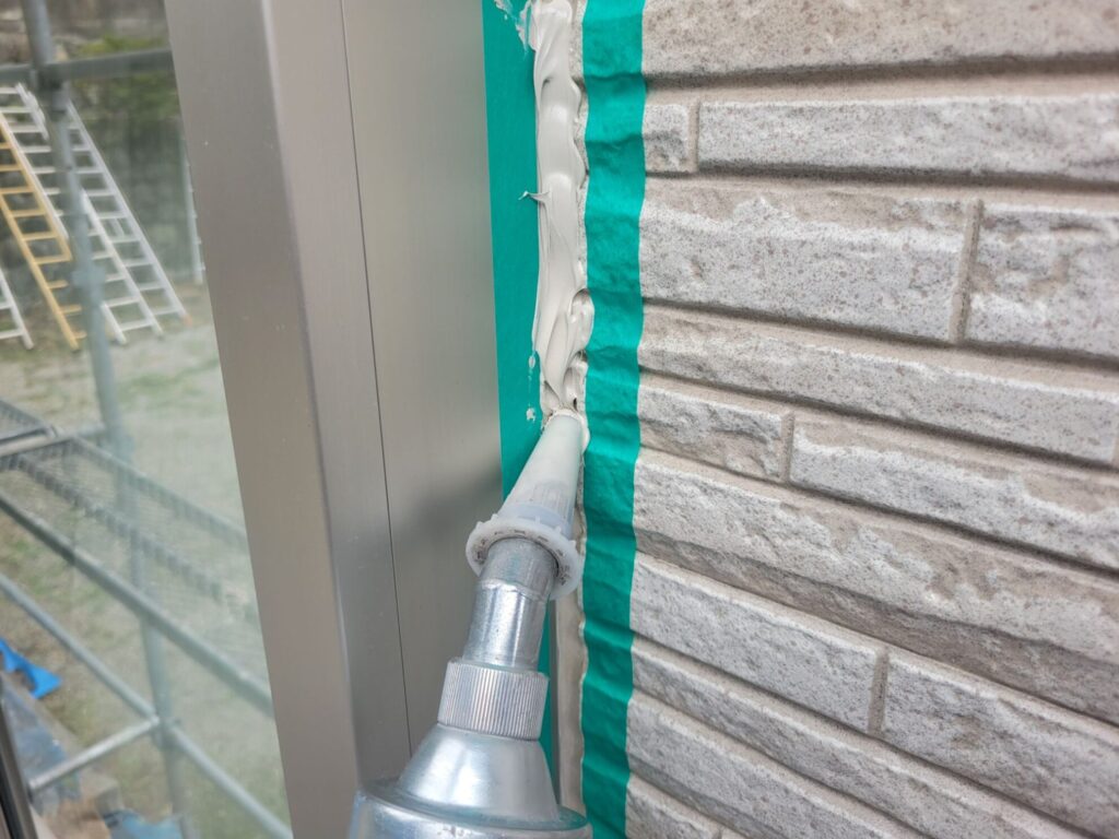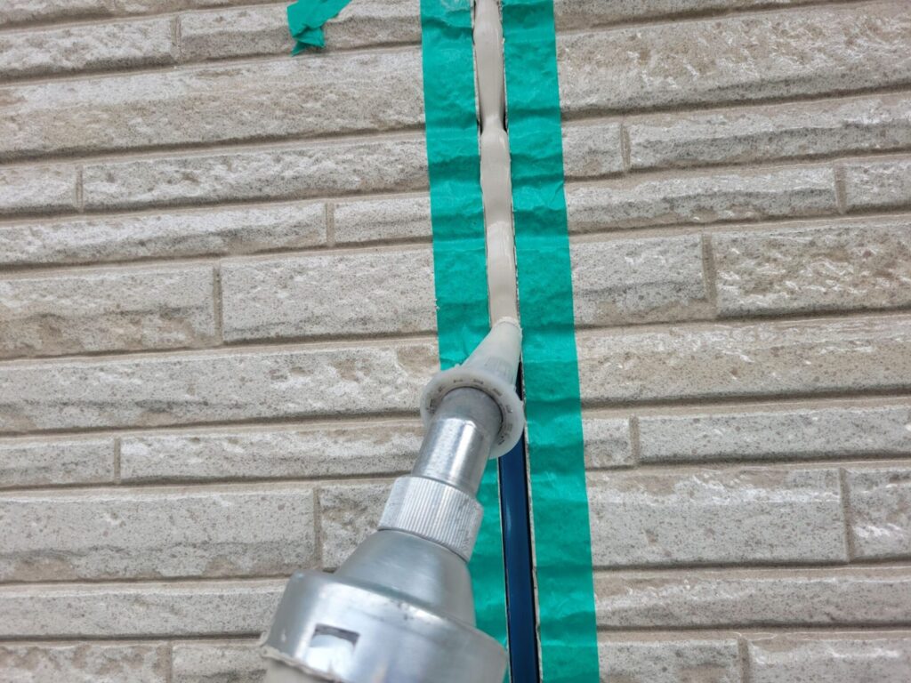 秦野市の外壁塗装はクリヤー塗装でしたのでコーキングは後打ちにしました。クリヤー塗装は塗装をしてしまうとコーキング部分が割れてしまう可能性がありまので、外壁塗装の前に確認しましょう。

--

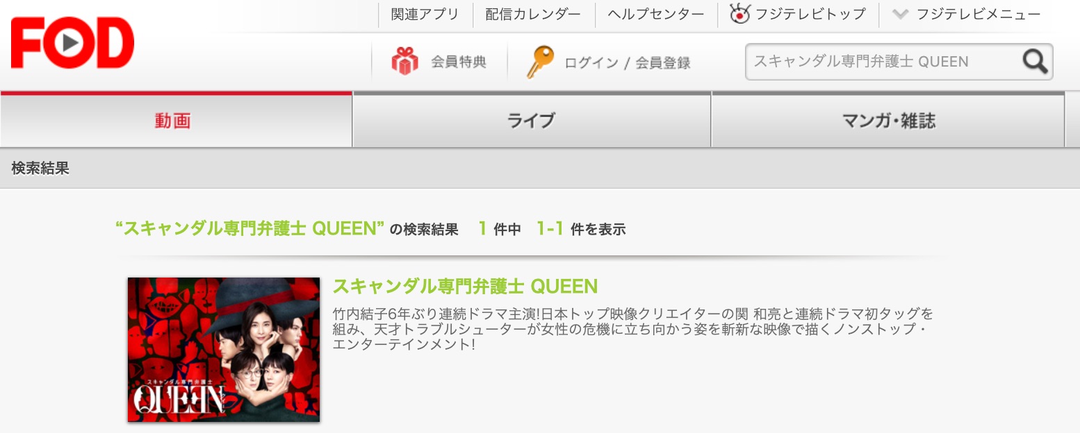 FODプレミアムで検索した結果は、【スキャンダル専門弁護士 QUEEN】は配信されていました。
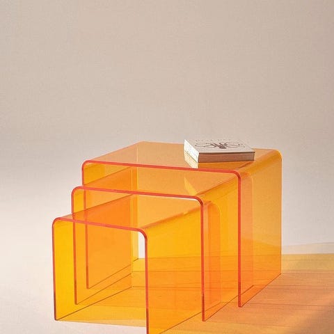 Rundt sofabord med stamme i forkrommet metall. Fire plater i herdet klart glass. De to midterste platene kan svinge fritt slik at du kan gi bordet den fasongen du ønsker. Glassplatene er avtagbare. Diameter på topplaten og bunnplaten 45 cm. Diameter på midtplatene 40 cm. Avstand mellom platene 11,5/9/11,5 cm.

...

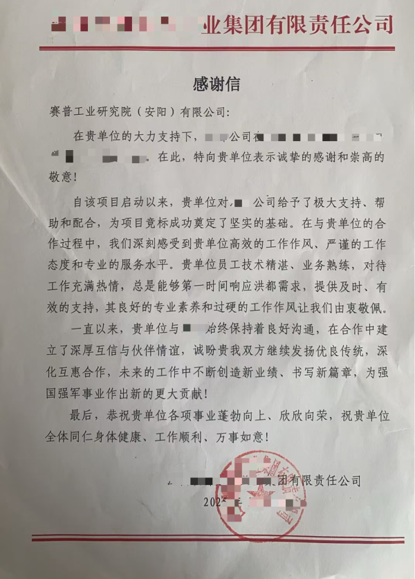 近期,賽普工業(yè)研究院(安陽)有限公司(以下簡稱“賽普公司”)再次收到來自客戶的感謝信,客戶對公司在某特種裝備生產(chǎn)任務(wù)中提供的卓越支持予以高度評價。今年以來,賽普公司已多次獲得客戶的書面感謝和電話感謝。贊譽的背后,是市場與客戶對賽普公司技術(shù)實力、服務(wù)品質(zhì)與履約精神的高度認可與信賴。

▶ _WHAT IS REQUIRED_: To complete this exercise, transcribe exactly the lines above from the one that holds "FODプレミアムで検索した結" through the one that holds "Rundt sofabord med". Pictures stay out.

▶ _OUTPUT FOR THIS TASK_:
 FODプレミアムで検索した結果は、【スキャンダル専門弁護士 QUEEN】は配信されていました。
 Rundt sofabord med stamme i forkrommet metall. Fire plater i herdet klart glass. De to midterste platene kan svinge fritt slik at du kan gi bordet den fasongen du ønsker. Glassplatene er avtagbare. Diameter på topplaten og bunnplaten 45 cm. Diameter på midtplatene 40 cm. Avstand mellom platene 11,5/9/11,5 cm.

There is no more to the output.